#### [INSTRUCTIONS TO FOLLOW]
Among the records that follow, count the lines where "cotton" appears, and state the count by itself.

>>>

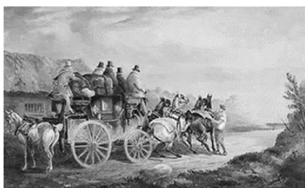
The Devonport mail: changing teams

know, only one of many who contributed significantly to its story. H.H.
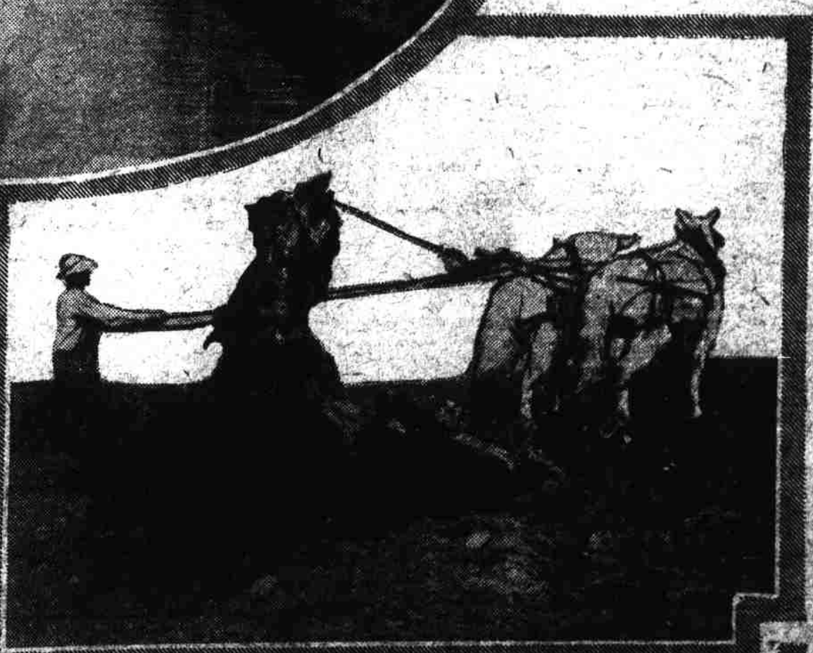
EXTRACTION—THIS IS THE REMEDY

SOIL protection has become a duty—not a choice. A country worth fighting for is too good to let wash from under foot. Reclaiming waste land by drainage and clearing are important to individual farmers and to communities, for this new land will bring them greater prosperity. Protecting soil by terracing is on a broader scale. It is just as important to the individual and
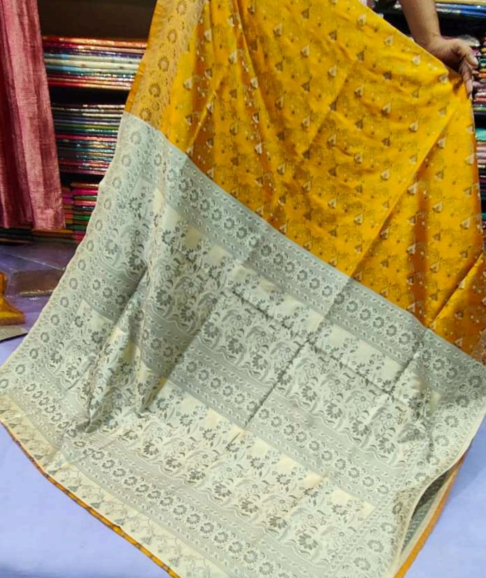
Jamdani banarasi saree
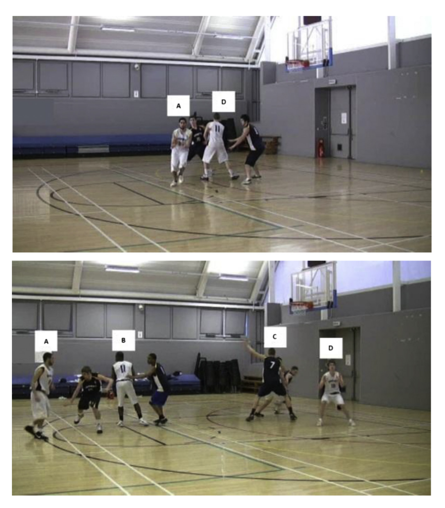
Fig. 1. Video stills depicting the design of the video stimuli used for the low-complex, two-choice response time (upper panel) and high-complex, four-choice response time (lower panel) tasks.

The task was designed and run on E-Prime (v. 2.0.1; Psychology Software Tools, Inc., Pittsburgh, Pennsylvania, US). Video sequences were presented on a computer screen viewed from a distance of approximately 0.5 m. Participants responded to each sequence by pressing one of two (low-complex trials) or four (high-complex trials) buttons positioned horizontally on a handheld response pad corresponding with players' on-court position (see Fig. 1).
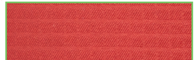
ACTIVE DRY POLY
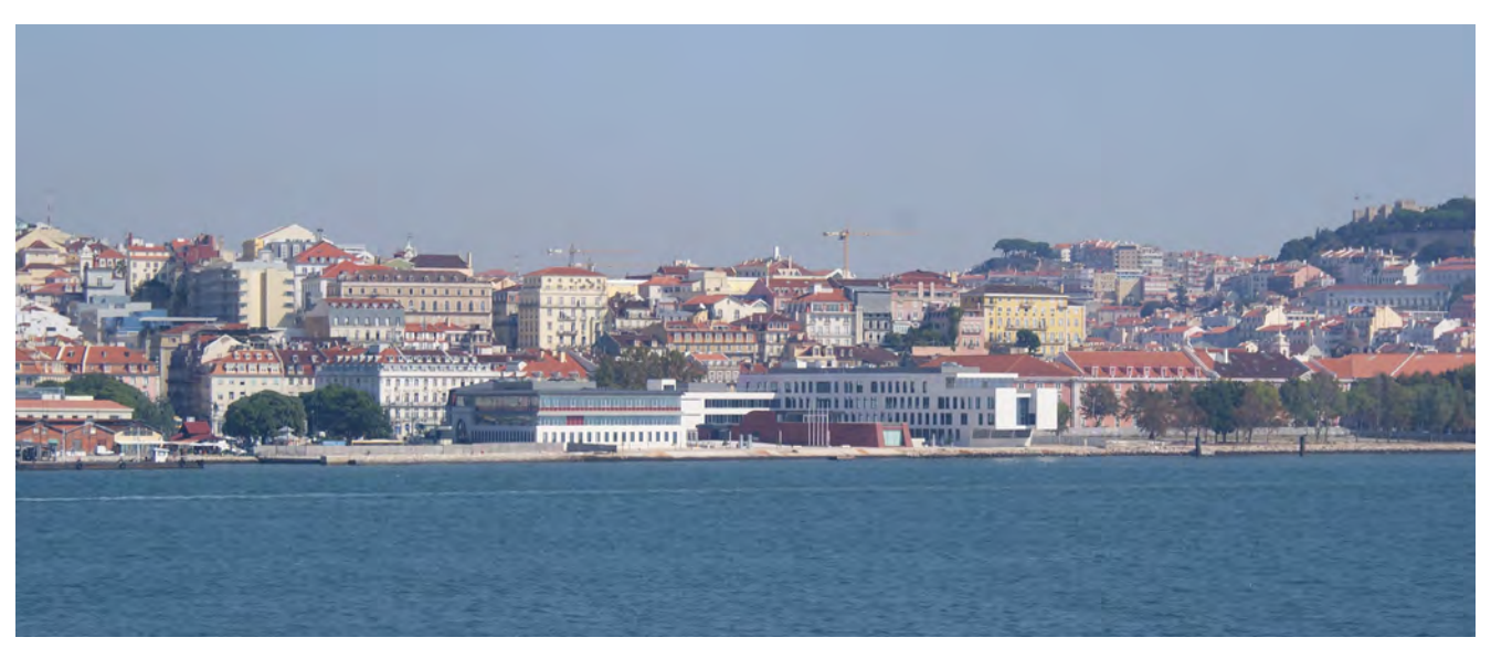
EMSA's headquarters on the river Tagus in central Lisbon
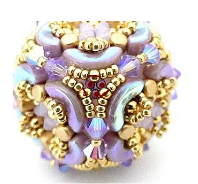
25) Repeat step 25 twice. We have 3 SB15. Repeat steps 24 and 25 for all corners
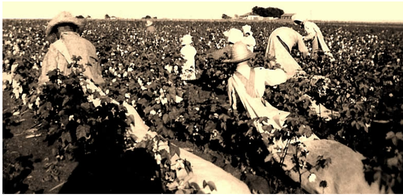
Picking cotton by hand.

ROGERS: Cotton was the main crop. Chopping and picking cotton. Chopping with a hoe when the crop was small and when it grew then you would pick it.
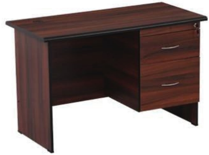
MODEL : SFH-EOT-02-06
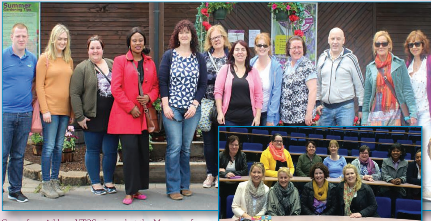
Group from Athlone VTOS pictured at the Museum of Country Living
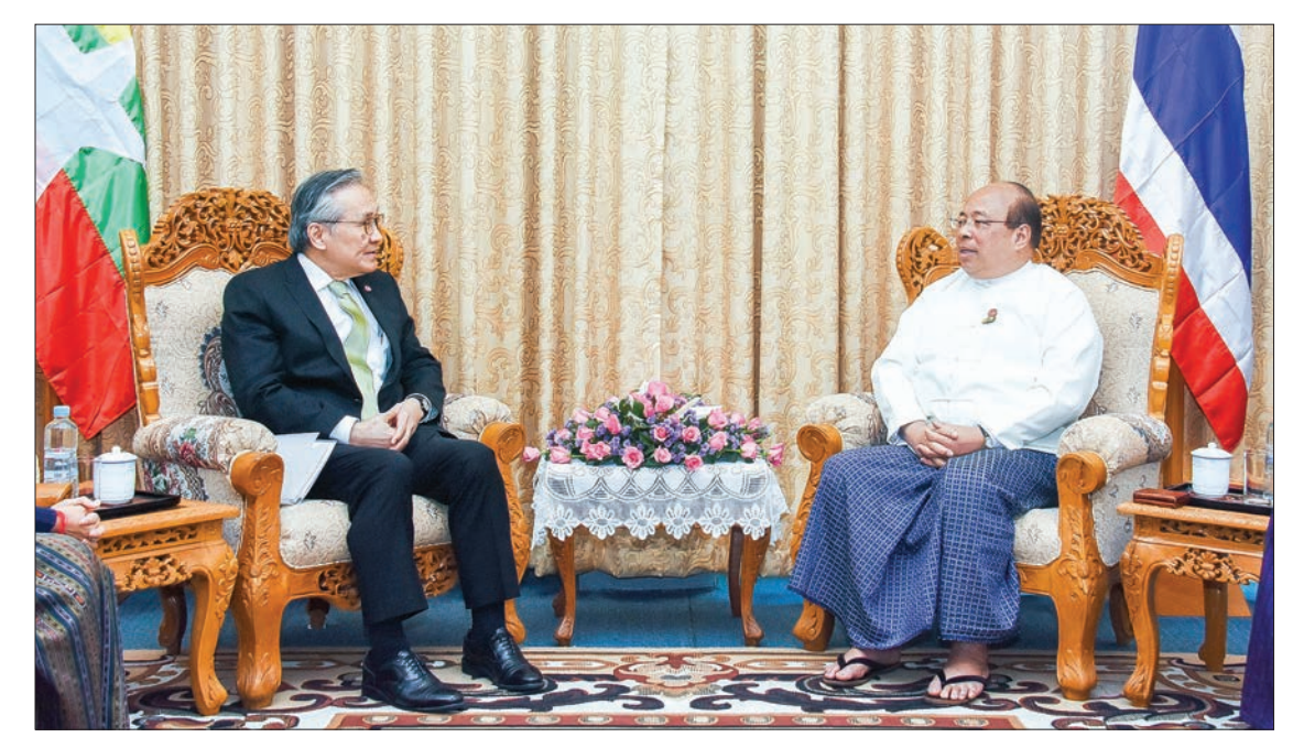
Union Minister U Thaung Tun receives Minister of Foreign Affairs of Thailand Mr. Don Pramudwinai in Nay Pyi Taw yesterday.

been established for more than 60 years and at the moment had offices in 18 countries. It had been working together with Ministry of Foreign Affairs for more than six years said the Pyithu Hluttaw Deputy Speaker and JCC Chairman. The graduation ceremony of the course was attended by officials, trainees and experts from Hluttaw offices and Ministry of Foreign Affairs. ----MNA/(Translated by Zaw Min)
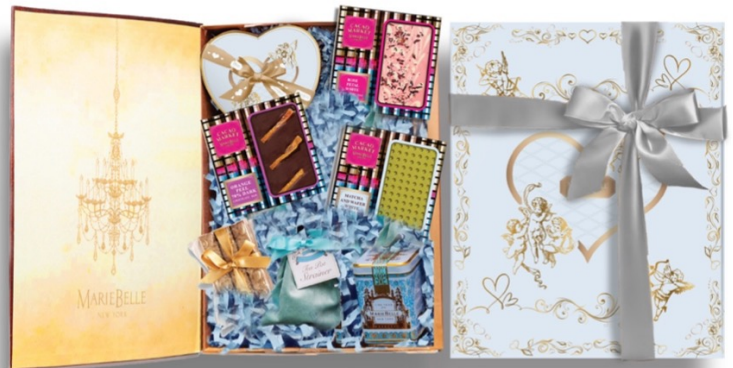
Mariebelle New York Valentine’s Day Collection
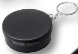
100573 RHINE REUSABLE SILICONE STRAW KEY- CHAIN
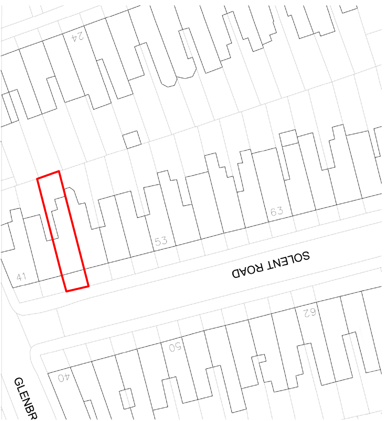
Block Plan SCALE 1:500@A3
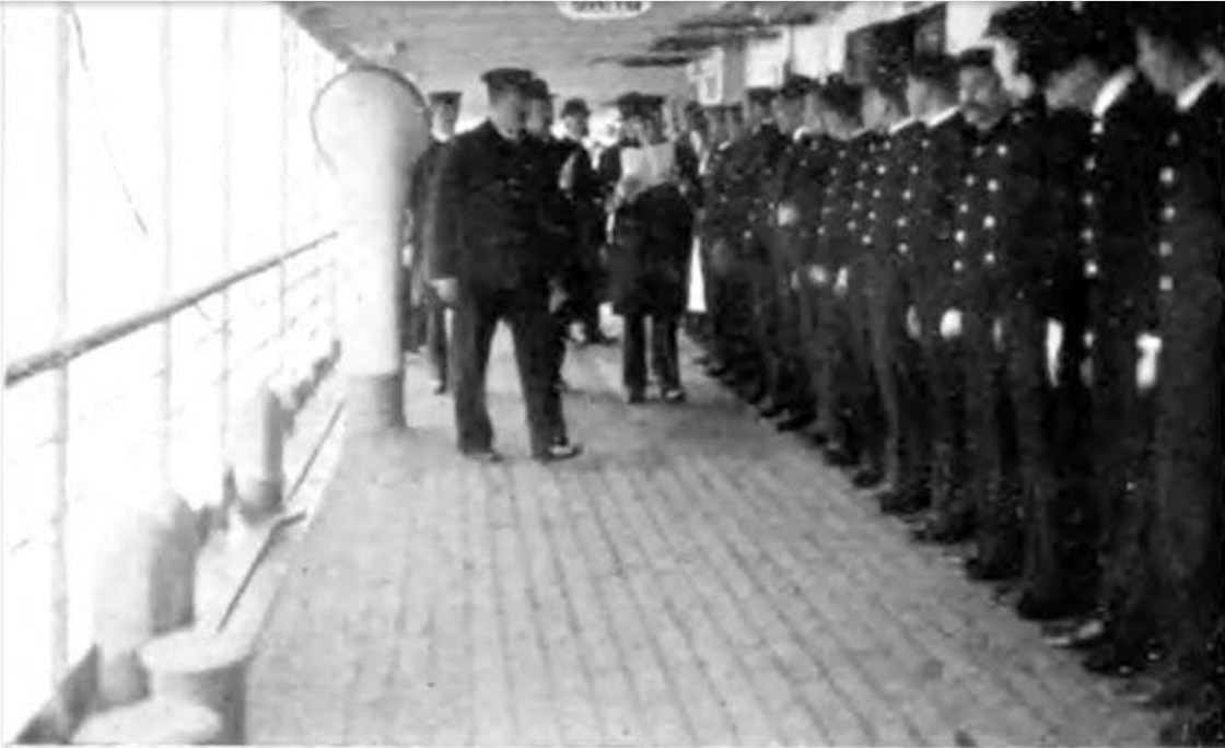
The Crew Lines Up for Inspection Before the Voyage.

When the hedges of the home farm can no longer confine the ambitions of young Giles, and he determines to seek fortune across the seas, he little knows how his decision excites the interest and solicitude of the Board of Trade.
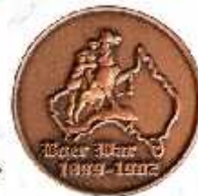
Metal Lapel Pin 25mm $2
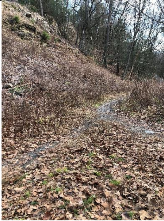
Intersection of red trail and undesignated trail. This trail goes toward Cheapside St. and connects to the Green Trail
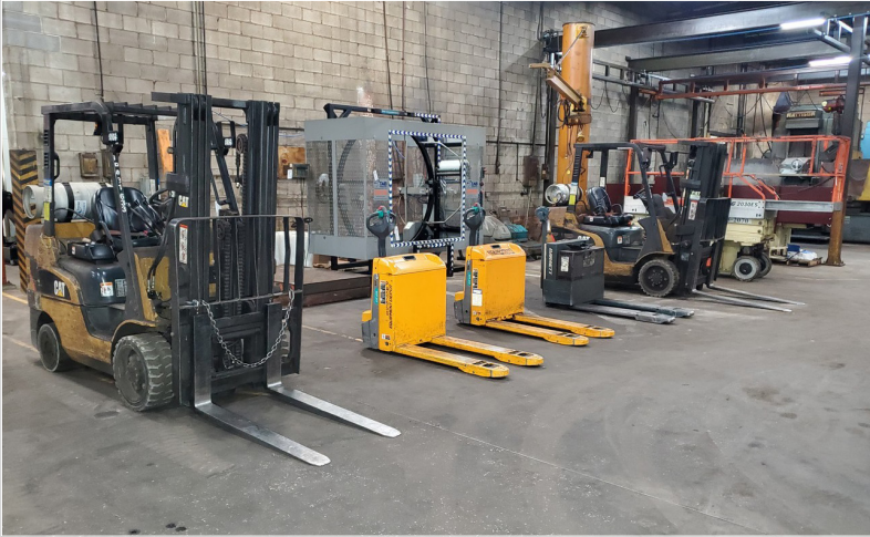
VIEW OF ROLLING STOCK
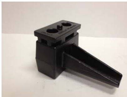
1.0" REAR LIFT OPTION

Step 8: Determine whether you want a 1.0", 1.5" or 2.0" rear lift, and orient the components according to the images shown below to achieve your desired ride height.

<<<

#### [RESPONSE AREA]
2